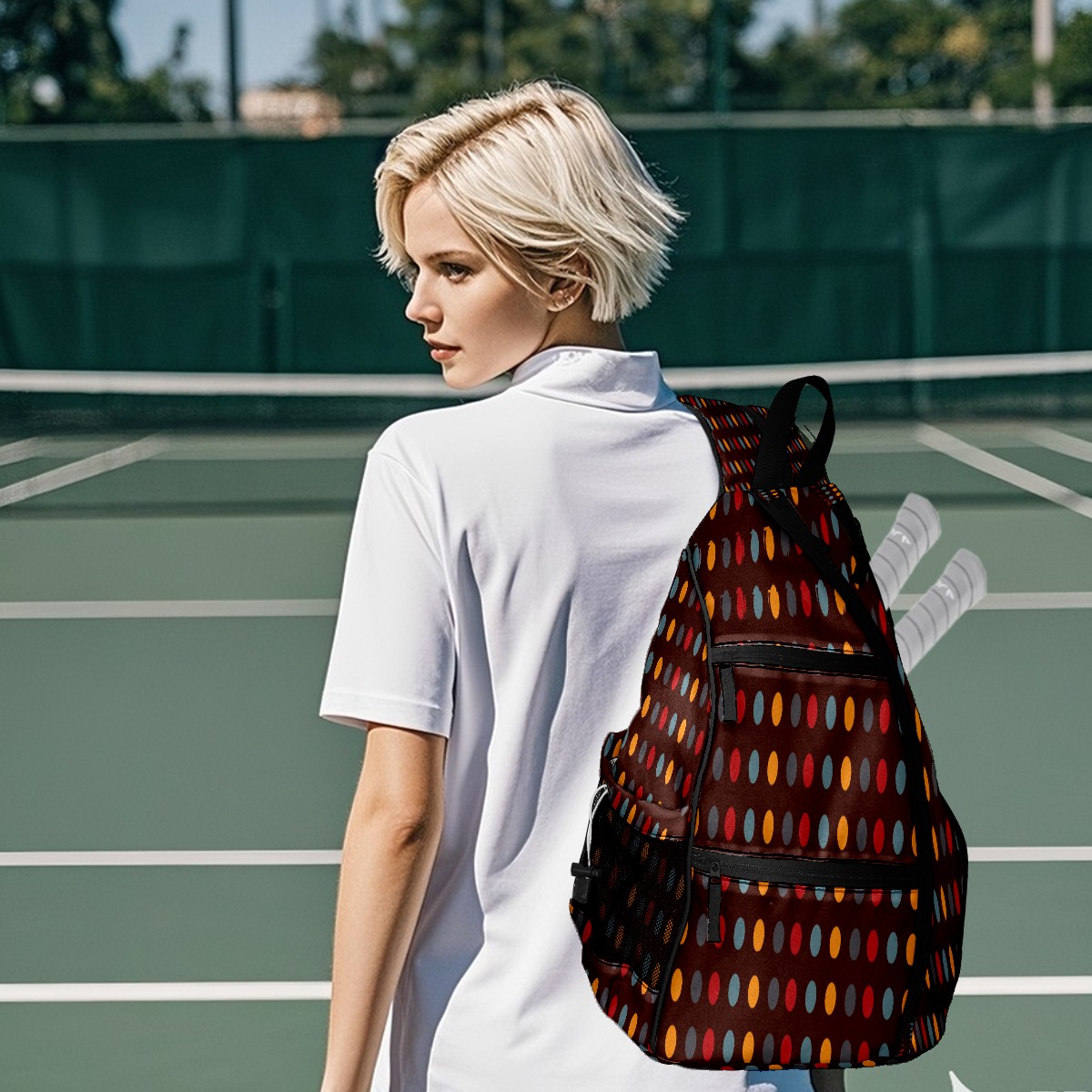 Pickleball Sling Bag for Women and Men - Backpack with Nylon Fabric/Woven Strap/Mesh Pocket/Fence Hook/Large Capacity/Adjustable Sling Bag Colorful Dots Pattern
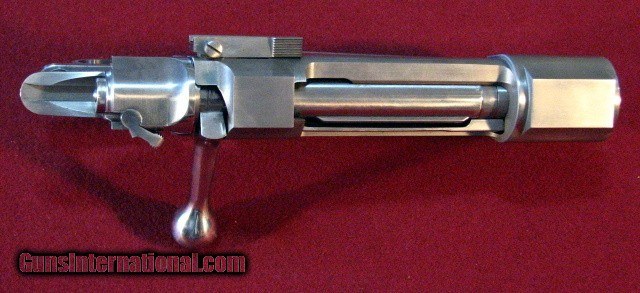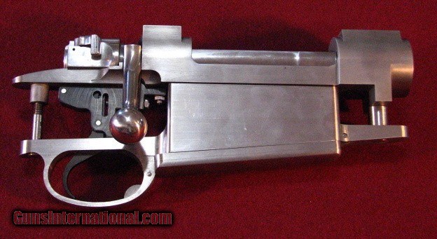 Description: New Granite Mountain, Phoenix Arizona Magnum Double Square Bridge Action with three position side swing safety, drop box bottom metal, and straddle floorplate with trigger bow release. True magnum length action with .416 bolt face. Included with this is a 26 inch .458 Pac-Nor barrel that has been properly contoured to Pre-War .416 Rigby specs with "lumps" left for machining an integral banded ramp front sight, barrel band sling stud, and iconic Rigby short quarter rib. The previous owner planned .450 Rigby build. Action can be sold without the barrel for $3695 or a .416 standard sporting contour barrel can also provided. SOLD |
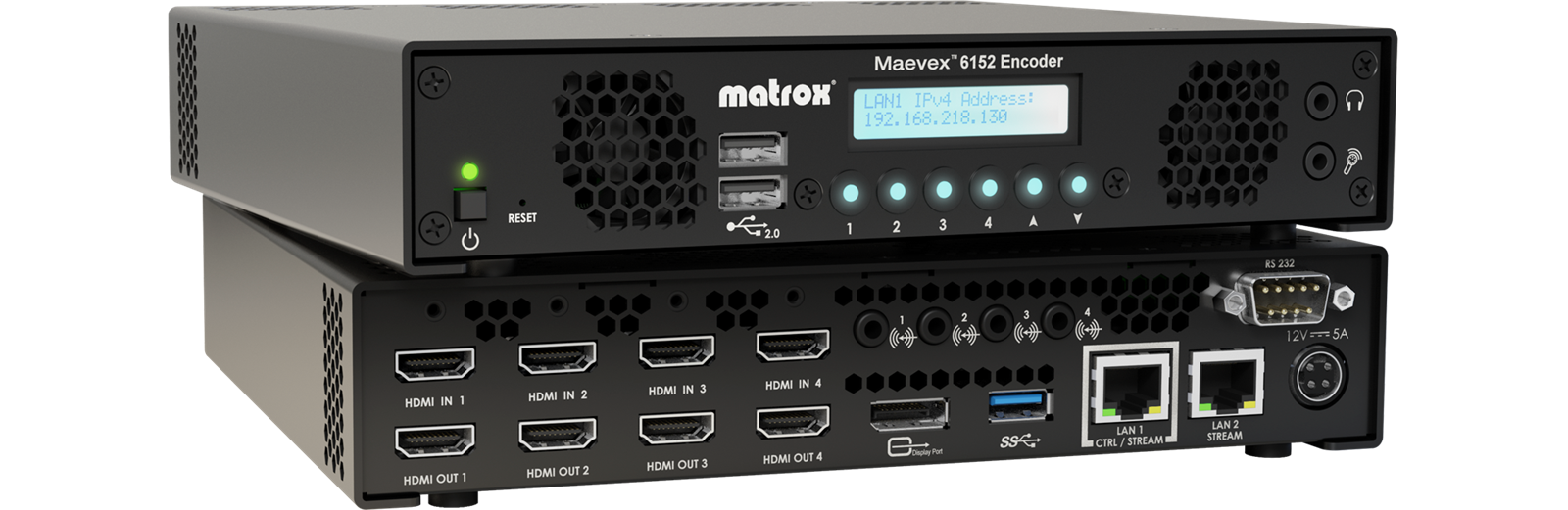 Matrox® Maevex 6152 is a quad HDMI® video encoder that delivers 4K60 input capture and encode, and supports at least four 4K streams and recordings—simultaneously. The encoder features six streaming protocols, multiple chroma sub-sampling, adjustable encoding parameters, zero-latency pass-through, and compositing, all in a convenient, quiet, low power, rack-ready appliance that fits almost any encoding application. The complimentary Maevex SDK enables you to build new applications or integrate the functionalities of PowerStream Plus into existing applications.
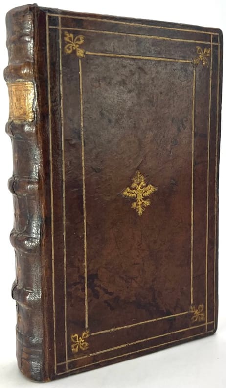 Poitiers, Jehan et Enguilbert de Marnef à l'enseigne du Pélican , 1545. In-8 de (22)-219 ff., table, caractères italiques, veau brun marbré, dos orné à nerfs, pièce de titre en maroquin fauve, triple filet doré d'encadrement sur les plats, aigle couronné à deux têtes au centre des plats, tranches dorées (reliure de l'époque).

WHAT IS REQUIRED: Copy the data precisely. Skip every picture.

WRITTEN SOLUTION:
 Pickleball Sling Bag for Women and Men - Backpack with Nylon Fabric/Woven Strap/Mesh Pocket/Fence Hook/Large Capacity/Adjustable Sling Bag Colorful Dots Pattern
 Description: New Granite Mountain, Phoenix Arizona Magnum Double Square Bridge Action with three position side swing safety, drop box bottom metal, and straddle floorplate with trigger bow release. True magnum length action with .416 bolt face. Included with this is a 26 inch .458 Pac-Nor barrel that has been properly contoured to Pre-War .416 Rigby specs with "lumps" left for machining an integral banded ramp front sight, barrel band sling stud, and iconic Rigby short quarter rib. The previous owner planned .450 Rigby build. Action can be sold without the barrel for $3695 or a .416 standard sporting contour barrel can also provided. SOLD |
 Matrox® Maevex 6152 is a quad HDMI® video encoder that delivers 4K60 input capture and encode, and supports at least four 4K streams and recordings—simultaneously. The encoder features six streaming protocols, multiple chroma sub-sampling, adjustable encoding parameters, zero-latency pass-through, and compositing, all in a convenient, quiet, low power, rack-ready appliance that fits almost any encoding application. The complimentary Maevex SDK enables you to build new applications or integrate the functionalities of PowerStream Plus into existing applications.
 Poitiers, Jehan et Enguilbert de Marnef à l'enseigne du Pélican , 1545. In-8 de (22)-219 ff., table, caractères italiques, veau brun marbré, dos orné à nerfs, pièce de titre en maroquin fauve, triple filet doré d'encadrement sur les plats, aigle couronné à deux têtes au centre des plats, tranches dorées (reliure de l'époque).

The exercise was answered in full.